## Work to be completed
The listing below should be written out word for word, with its pictures removed.

------ Data ------

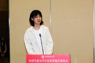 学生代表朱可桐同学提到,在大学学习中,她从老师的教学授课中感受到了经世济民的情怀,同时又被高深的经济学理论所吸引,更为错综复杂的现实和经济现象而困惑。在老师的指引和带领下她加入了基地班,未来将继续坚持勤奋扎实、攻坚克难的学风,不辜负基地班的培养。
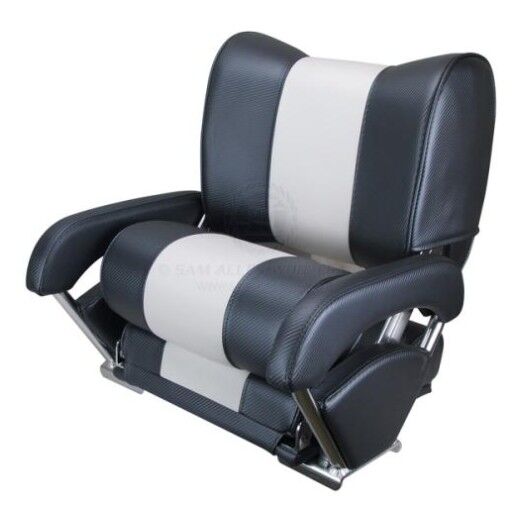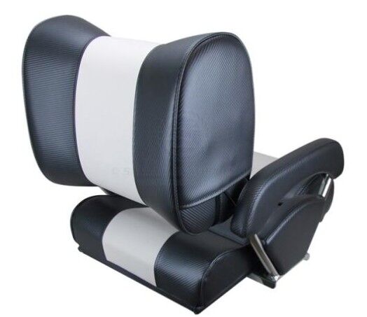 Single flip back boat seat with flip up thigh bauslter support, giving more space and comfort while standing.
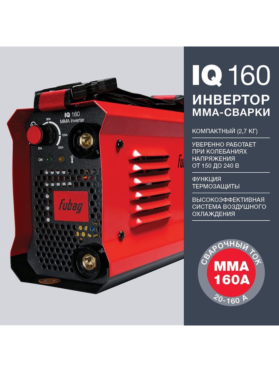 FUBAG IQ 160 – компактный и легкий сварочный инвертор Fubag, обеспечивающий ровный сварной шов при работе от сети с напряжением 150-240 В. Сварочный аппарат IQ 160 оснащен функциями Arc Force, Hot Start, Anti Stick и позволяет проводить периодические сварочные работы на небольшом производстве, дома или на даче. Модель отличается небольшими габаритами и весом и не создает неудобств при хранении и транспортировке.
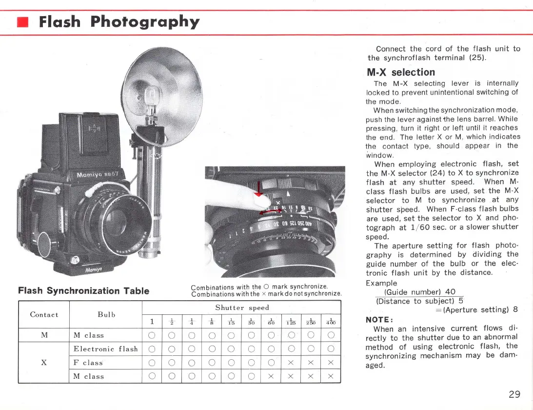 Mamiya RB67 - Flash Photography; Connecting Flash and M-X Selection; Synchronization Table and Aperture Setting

------

## Finished task
 学生代表朱可桐同学提到,在大学学习中,她从老师的教学授课中感受到了经世济民的情怀,同时又被高深的经济学理论所吸引,更为错综复杂的现实和经济现象而困惑。在老师的指引和带领下她加入了基地班,未来将继续坚持勤奋扎实、攻坚克难的学风,不辜负基地班的培养。
 Single flip back boat seat with flip up thigh bauslter support, giving more space and comfort while standing.
 FUBAG IQ 160 – компактный и легкий сварочный инвертор Fubag, обеспечивающий ровный сварной шов при работе от сети с напряжением 150-240 В. Сварочный аппарат IQ 160 оснащен функциями Arc Force, Hot Start, Anti Stick и позволяет проводить периодические сварочные работы на небольшом производстве, дома или на даче. Модель отличается небольшими габаритами и весом и не создает неудобств при хранении и транспортировке.
 Mamiya RB67 - Flash Photography; Connecting Flash and M-X Selection; Synchronization Table and Aperture Setting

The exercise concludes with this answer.